Task statement:
Could the listing below be returned exactly, with its pictures left out?

*** Raw data

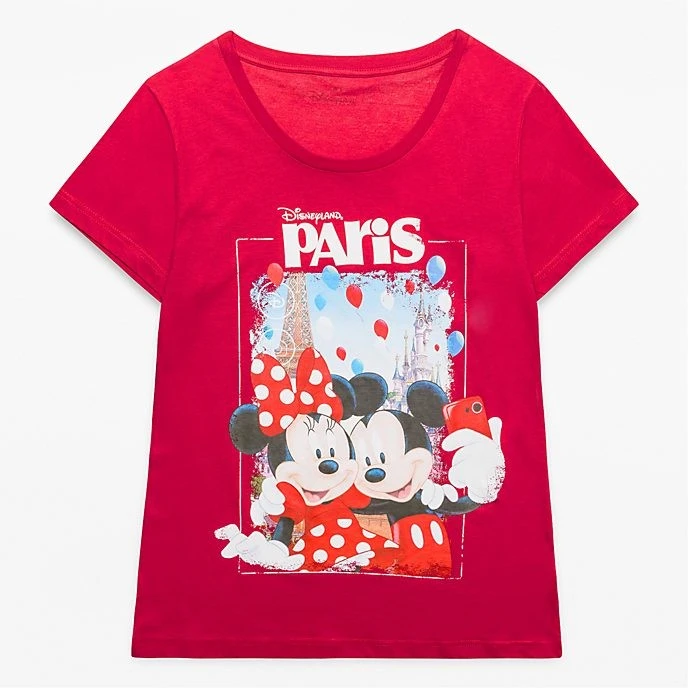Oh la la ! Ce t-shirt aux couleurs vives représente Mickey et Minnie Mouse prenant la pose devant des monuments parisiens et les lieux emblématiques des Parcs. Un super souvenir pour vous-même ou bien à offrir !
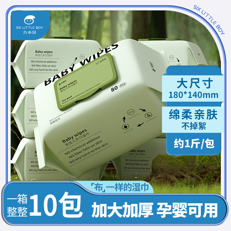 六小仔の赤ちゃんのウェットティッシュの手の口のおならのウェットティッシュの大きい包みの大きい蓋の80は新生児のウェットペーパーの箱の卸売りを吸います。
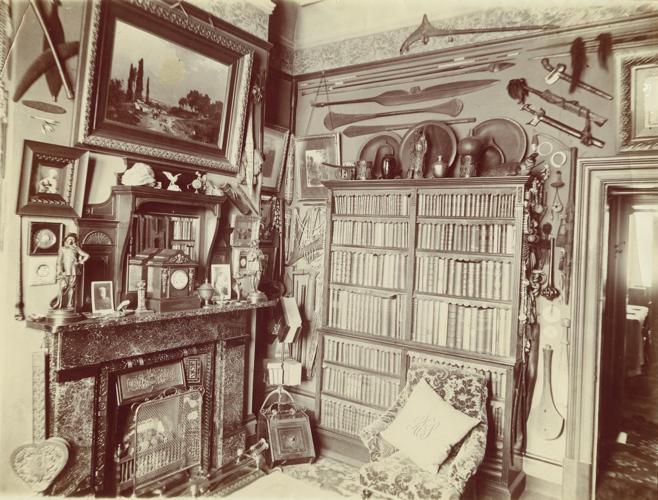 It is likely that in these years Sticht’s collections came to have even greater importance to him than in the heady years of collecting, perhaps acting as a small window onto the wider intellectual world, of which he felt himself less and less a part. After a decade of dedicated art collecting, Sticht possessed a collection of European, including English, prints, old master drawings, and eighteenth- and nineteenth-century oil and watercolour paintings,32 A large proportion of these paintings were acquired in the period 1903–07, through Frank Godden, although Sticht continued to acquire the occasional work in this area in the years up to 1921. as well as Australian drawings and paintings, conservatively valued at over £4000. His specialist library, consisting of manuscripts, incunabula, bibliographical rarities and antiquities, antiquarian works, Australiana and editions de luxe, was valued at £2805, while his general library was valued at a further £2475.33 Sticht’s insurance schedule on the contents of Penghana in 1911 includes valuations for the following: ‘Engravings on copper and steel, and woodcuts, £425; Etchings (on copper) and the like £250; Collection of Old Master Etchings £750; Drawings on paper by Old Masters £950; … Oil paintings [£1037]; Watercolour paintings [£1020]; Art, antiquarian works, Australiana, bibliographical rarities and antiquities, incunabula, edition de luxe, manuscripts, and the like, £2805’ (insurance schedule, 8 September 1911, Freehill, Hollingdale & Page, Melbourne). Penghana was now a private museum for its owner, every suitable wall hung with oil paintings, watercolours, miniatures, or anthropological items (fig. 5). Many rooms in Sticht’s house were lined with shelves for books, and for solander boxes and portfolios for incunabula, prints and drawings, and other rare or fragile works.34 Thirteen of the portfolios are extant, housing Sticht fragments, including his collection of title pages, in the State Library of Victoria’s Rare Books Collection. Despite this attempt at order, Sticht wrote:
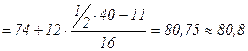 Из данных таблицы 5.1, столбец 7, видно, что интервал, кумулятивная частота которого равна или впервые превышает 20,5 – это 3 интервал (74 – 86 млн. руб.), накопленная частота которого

******

Answer box:
Oh la la ! Ce t-shirt aux couleurs vives représente Mickey et Minnie Mouse prenant la pose devant des monuments parisiens et les lieux emblématiques des Parcs. Un super souvenir pour vous-même ou bien à offrir !
 六小仔の赤ちゃんのウェットティッシュの手の口のおならのウェットティッシュの大きい包みの大きい蓋の80は新生児のウェットペーパーの箱の卸売りを吸います。
 It is likely that in these years Sticht’s collections came to have even greater importance to him than in the heady years of collecting, perhaps acting as a small window onto the wider intellectual world, of which he felt himself less and less a part. After a decade of dedicated art collecting, Sticht possessed a collection of European, including English, prints, old master drawings, and eighteenth- and nineteenth-century oil and watercolour paintings,32 A large proportion of these paintings were acquired in the period 1903–07, through Frank Godden, although Sticht continued to acquire the occasional work in this area in the years up to 1921. as well as Australian drawings and paintings, conservatively valued at over £4000. His specialist library, consisting of manuscripts, incunabula, bibliographical rarities and antiquities, antiquarian works, Australiana and editions de luxe, was valued at £2805, while his general library was valued at a further £2475.33 Sticht’s insurance schedule on the contents of Penghana in 1911 includes valuations for the following: ‘Engravings on copper and steel, and woodcuts, £425; Etchings (on copper) and the like £250; Collection of Old Master Etchings £750; Drawings on paper by Old Masters £950; … Oil paintings [£1037]; Watercolour paintings [£1020]; Art, antiquarian works, Australiana, bibliographical rarities and antiquities, incunabula, edition de luxe, manuscripts, and the like, £2805’ (insurance schedule, 8 September 1911, Freehill, Hollingdale & Page, Melbourne). Penghana was now a private museum for its owner, every suitable wall hung with oil paintings, watercolours, miniatures, or anthropological items (fig. 5). Many rooms in Sticht’s house were lined with shelves for books, and for solander boxes and portfolios for incunabula, prints and drawings, and other rare or fragile works.34 Thirteen of the portfolios are extant, housing Sticht fragments, including his collection of title pages, in the State Library of Victoria’s Rare Books Collection. Despite this attempt at order, Sticht wrote:
 Из данных таблицы 5.1, столбец 7, видно, что интервал, кумулятивная частота которого равна или впервые превышает 20,5 – это 3 интервал (74 – 86 млн. руб.), накопленная частота которого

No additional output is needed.